▸ **Problem to work on**:
The full listing, minus its pictures, should be printed again exactly as it stands.

Material for this exercise Start Marker

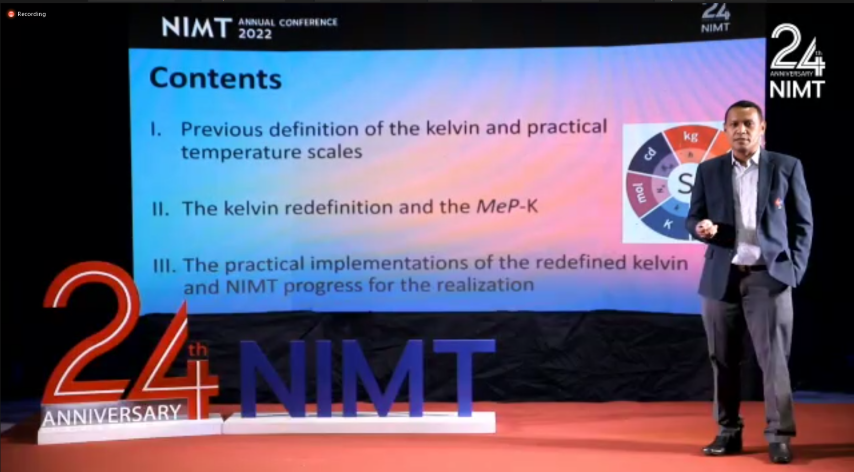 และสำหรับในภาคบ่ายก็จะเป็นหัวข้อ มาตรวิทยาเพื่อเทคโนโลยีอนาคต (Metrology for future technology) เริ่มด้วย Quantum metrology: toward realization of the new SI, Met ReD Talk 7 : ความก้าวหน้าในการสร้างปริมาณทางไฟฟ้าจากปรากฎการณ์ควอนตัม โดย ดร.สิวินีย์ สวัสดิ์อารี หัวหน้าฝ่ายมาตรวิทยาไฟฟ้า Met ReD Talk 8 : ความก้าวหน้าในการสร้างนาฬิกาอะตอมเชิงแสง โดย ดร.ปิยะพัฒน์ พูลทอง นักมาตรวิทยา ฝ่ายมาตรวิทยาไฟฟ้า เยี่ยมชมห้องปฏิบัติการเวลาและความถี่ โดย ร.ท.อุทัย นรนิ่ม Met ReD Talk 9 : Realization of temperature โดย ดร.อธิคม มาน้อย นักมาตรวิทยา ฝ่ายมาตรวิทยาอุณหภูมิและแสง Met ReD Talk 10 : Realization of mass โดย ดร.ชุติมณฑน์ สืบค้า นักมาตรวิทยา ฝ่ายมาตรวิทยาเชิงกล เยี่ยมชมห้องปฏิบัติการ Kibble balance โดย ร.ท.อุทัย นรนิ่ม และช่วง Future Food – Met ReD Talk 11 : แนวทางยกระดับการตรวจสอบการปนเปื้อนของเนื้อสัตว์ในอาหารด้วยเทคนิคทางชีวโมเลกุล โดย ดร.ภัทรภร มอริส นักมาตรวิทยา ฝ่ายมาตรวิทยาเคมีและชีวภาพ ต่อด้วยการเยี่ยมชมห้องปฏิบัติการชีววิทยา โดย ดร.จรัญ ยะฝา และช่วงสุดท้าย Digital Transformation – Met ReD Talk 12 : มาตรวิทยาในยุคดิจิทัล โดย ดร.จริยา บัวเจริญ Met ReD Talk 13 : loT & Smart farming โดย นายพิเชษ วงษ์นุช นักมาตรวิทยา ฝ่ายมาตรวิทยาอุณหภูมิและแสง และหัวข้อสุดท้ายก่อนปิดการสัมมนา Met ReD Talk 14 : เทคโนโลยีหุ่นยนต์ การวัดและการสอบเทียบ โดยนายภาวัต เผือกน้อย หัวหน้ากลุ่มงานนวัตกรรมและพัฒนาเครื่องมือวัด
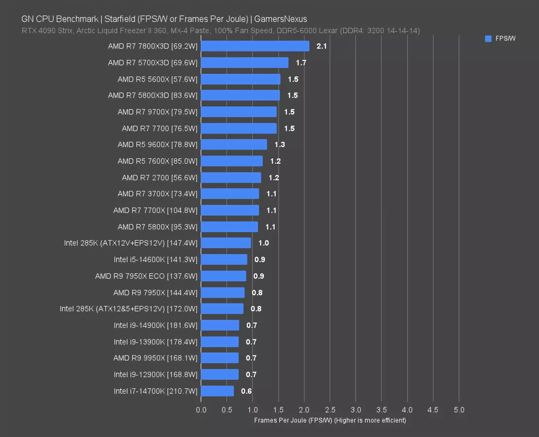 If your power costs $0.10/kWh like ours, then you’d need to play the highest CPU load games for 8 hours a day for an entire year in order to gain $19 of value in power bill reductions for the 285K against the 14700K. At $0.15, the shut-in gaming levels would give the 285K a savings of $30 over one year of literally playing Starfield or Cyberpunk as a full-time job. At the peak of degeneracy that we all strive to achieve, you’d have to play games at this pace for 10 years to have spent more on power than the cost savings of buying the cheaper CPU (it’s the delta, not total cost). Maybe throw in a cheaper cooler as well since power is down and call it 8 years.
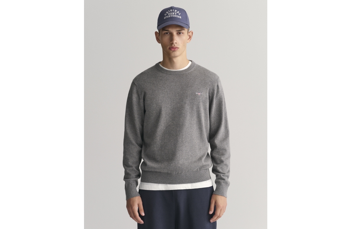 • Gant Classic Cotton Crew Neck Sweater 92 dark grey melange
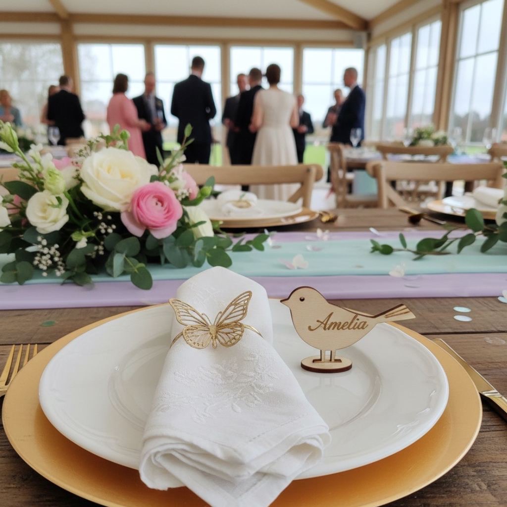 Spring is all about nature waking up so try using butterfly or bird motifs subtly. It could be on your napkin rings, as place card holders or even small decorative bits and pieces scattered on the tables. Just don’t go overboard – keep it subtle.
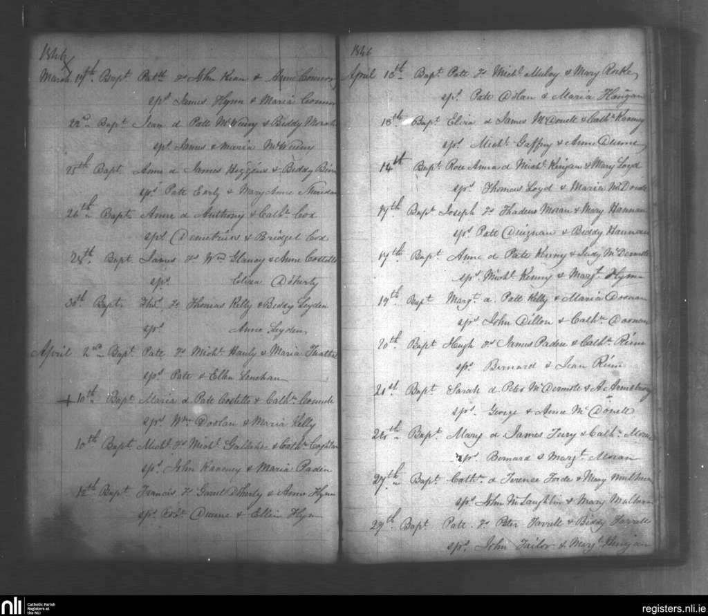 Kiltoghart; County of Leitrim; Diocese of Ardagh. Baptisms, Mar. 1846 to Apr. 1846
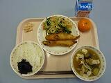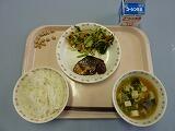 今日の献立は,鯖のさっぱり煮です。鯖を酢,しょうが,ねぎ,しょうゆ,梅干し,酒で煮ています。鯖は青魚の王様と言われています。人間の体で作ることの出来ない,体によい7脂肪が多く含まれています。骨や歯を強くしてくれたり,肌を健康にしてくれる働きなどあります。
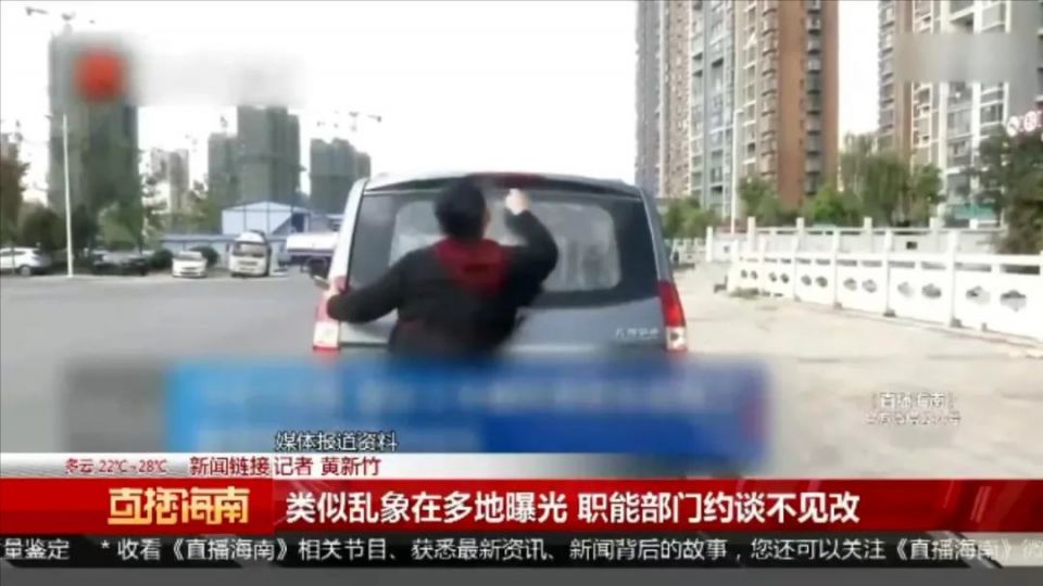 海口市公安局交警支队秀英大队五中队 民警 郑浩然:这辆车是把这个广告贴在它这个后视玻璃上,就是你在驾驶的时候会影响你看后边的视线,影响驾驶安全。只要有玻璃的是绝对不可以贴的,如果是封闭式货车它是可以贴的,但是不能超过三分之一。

Material for this exercise End Marker

▸ **Reply**:
 และสำหรับในภาคบ่ายก็จะเป็นหัวข้อ มาตรวิทยาเพื่อเทคโนโลยีอนาคต (Metrology for future technology) เริ่มด้วย Quantum metrology: toward realization of the new SI, Met ReD Talk 7 : ความก้าวหน้าในการสร้างปริมาณทางไฟฟ้าจากปรากฎการณ์ควอนตัม โดย ดร.สิวินีย์ สวัสดิ์อารี หัวหน้าฝ่ายมาตรวิทยาไฟฟ้า Met ReD Talk 8 : ความก้าวหน้าในการสร้างนาฬิกาอะตอมเชิงแสง โดย ดร.ปิยะพัฒน์ พูลทอง นักมาตรวิทยา ฝ่ายมาตรวิทยาไฟฟ้า เยี่ยมชมห้องปฏิบัติการเวลาและความถี่ โดย ร.ท.อุทัย นรนิ่ม Met ReD Talk 9 : Realization of temperature โดย ดร.อธิคม มาน้อย นักมาตรวิทยา ฝ่ายมาตรวิทยาอุณหภูมิและแสง Met ReD Talk 10 : Realization of mass โดย ดร.ชุติมณฑน์ สืบค้า นักมาตรวิทยา ฝ่ายมาตรวิทยาเชิงกล เยี่ยมชมห้องปฏิบัติการ Kibble balance โดย ร.ท.อุทัย นรนิ่ม และช่วง Future Food – Met ReD Talk 11 : แนวทางยกระดับการตรวจสอบการปนเปื้อนของเนื้อสัตว์ในอาหารด้วยเทคนิคทางชีวโมเลกุล โดย ดร.ภัทรภร มอริส นักมาตรวิทยา ฝ่ายมาตรวิทยาเคมีและชีวภาพ ต่อด้วยการเยี่ยมชมห้องปฏิบัติการชีววิทยา โดย ดร.จรัญ ยะฝา และช่วงสุดท้าย Digital Transformation – Met ReD Talk 12 : มาตรวิทยาในยุคดิจิทัล โดย ดร.จริยา บัวเจริญ Met ReD Talk 13 : loT & Smart farming โดย นายพิเชษ วงษ์นุช นักมาตรวิทยา ฝ่ายมาตรวิทยาอุณหภูมิและแสง และหัวข้อสุดท้ายก่อนปิดการสัมมนา Met ReD Talk 14 : เทคโนโลยีหุ่นยนต์ การวัดและการสอบเทียบ โดยนายภาวัต เผือกน้อย หัวหน้ากลุ่มงานนวัตกรรมและพัฒนาเครื่องมือวัด
 If your power costs $0.10/kWh like ours, then you’d need to play the highest CPU load games for 8 hours a day for an entire year in order to gain $19 of value in power bill reductions for the 285K against the 14700K. At $0.15, the shut-in gaming levels would give the 285K a savings of $30 over one year of literally playing Starfield or Cyberpunk as a full-time job. At the peak of degeneracy that we all strive to achieve, you’d have to play games at this pace for 10 years to have spent more on power than the cost savings of buying the cheaper CPU (it’s the delta, not total cost). Maybe throw in a cheaper cooler as well since power is down and call it 8 years.
 • Gant Classic Cotton Crew Neck Sweater 92 dark grey melange
 Spring is all about nature waking up so try using butterfly or bird motifs subtly. It could be on your napkin rings, as place card holders or even small decorative bits and pieces scattered on the tables. Just don’t go overboard – keep it subtle.
 Kiltoghart; County of Leitrim; Diocese of Ardagh. Baptisms, Mar. 1846 to Apr. 1846
 今日の献立は,鯖のさっぱり煮です。鯖を酢,しょうが,ねぎ,しょうゆ,梅干し,酒で煮ています。鯖は青魚の王様と言われています。人間の体で作ることの出来ない,体によい7脂肪が多く含まれています。骨や歯を強くしてくれたり,肌を健康にしてくれる働きなどあります。
 海口市公安局交警支队秀英大队五中队 民警 郑浩然:这辆车是把这个广告贴在它这个后视玻璃上,就是你在驾驶的时候会影响你看后边的视线,影响驾驶安全。只要有玻璃的是绝对不可以贴的,如果是封闭式货车它是可以贴的,但是不能超过三分之一。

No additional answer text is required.